No. He’s about thirty. And um. I hang out
with him sometimes. He’s not really friends
with anyone else I know. But he was doing a
degree first in history and then in education
of history. And he has sort of been
struggling for ten years to finish his
degree and he finally got to his last year
and he was teaching at a school like a
primary school history to some kids. And
when he talked about his job just describing
it and this degree you know, without me
asking him about what it means. He would
speak about it in this way you know he liked
the kids, had funny anecdotes about the
kids. He loves history, talks about history
all the time just off the top of his head,
random fucking shit man but then, we’d
be alone you know. And I’d be helping him
clean up the bar or whatever and we’d be
drinking and then I’d start to press on him.
And I think he’s someone who doesn’t think
about his life too much.
I like him. Maybe a bit too much, but I like him.
And I was just asking him so what does this
mean then? And he was like actually you
know what? I can’t do it. I’m gonna drop
out. And I’m like what? You’ve got two more
months of school. He’s just like, no I just
don’t think I can do it. I don’t know why but
I don’t think I can do it and I think I’m just
gonna go full time at the bar. And I just..

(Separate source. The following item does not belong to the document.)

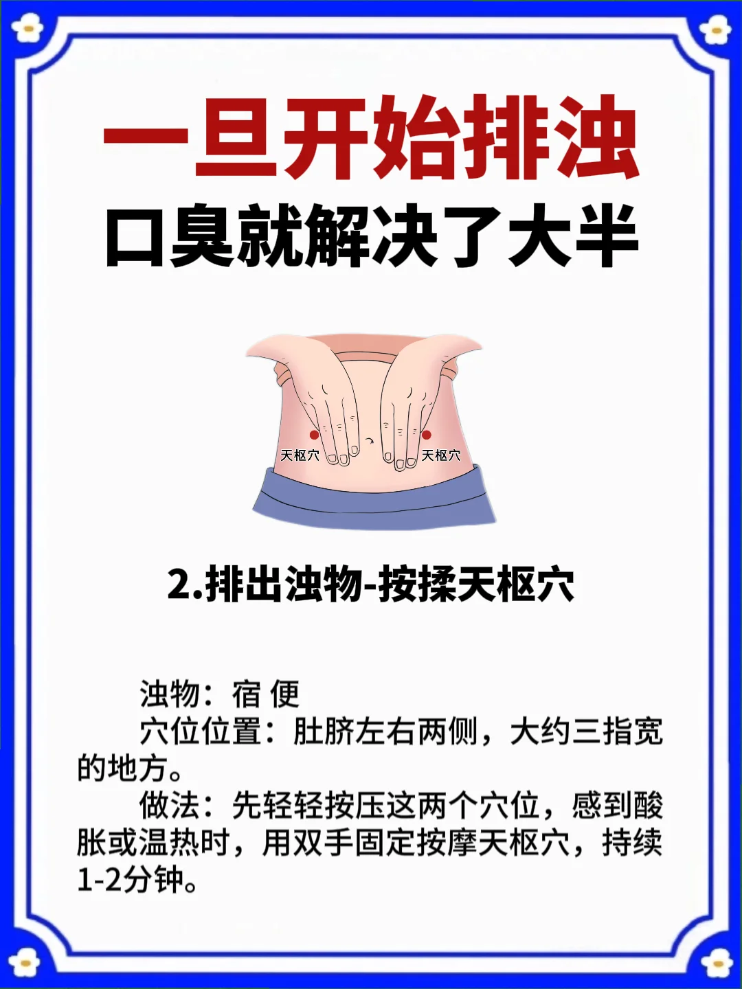 做法:先轻轻按压这两个穴位,感到酸胀或温热时,用双手固定按摩天枢穴,持续1-2分钟。

That’s where he lost me man. This was like
a year ago now.
And you haven’t seen him since?
I have. We see each other occasionally,
maybe once a month. And. Then this
terrible thing happened where he was
playing football and he got an injury. A
really bad injury to his knee - he’s not a
professional footballer he plays for fun.
At the end of the summer, like during the
summer. And basically he had just dropped
out of school and was about to go full time
at the bar and then he couldn’t even walk
for like months and months and months.
And I totally lost touch with him.
Because I just saw him like, you know,
whatever. I texted him at some point like
hey I haven’t seen you in ages what’s up?
He told me what was up. And then, I saw
him again a few months ago for the first
time and we’ve seen each other a bit more
recently I guess.
We had this conversation about what we’re
gonna end up doing and we came to the
conclusion we’re both gonna end up under
a bridge you know. And joking about who’s
bridge is gonna be better you know.
Gonna end up being a metaphor for the
worst case scenario of your life. The bridge
that you’re gonna end up under.
He’s like well my bridge is gonna be a
fucking crate of beer and some fucking
chips and a little transistor radio with the
football on in the background. And I was like
well my bridge is gonna be a bag of some
coloured chalks in it so I can draw on the
wall and you know I might also have a
couple of CDs there and a little thing where
I can play off of it. Maybe I’ll hang out with
some other people under that bridge and
we’ll talk about how we ended up there and
you know. Maybe philosophise about why
the world is cursed and maybe how we’ll get
out of this situation even though it’s never
gonna happen you know. That’s the kind of
conversations we’re gonna be having under
my bridge!
And you know then he’s like well under my
bridge I’m gonna have some fucking tools
and I’m gonna fix up whatever junk I find on
the street and you know I’ll get some kind
of enjoyment out of that ultimately. I’ll
never be able to fix something but could
take me anywhere. You know. Might be a
kids bike so I can’t really ride it you know.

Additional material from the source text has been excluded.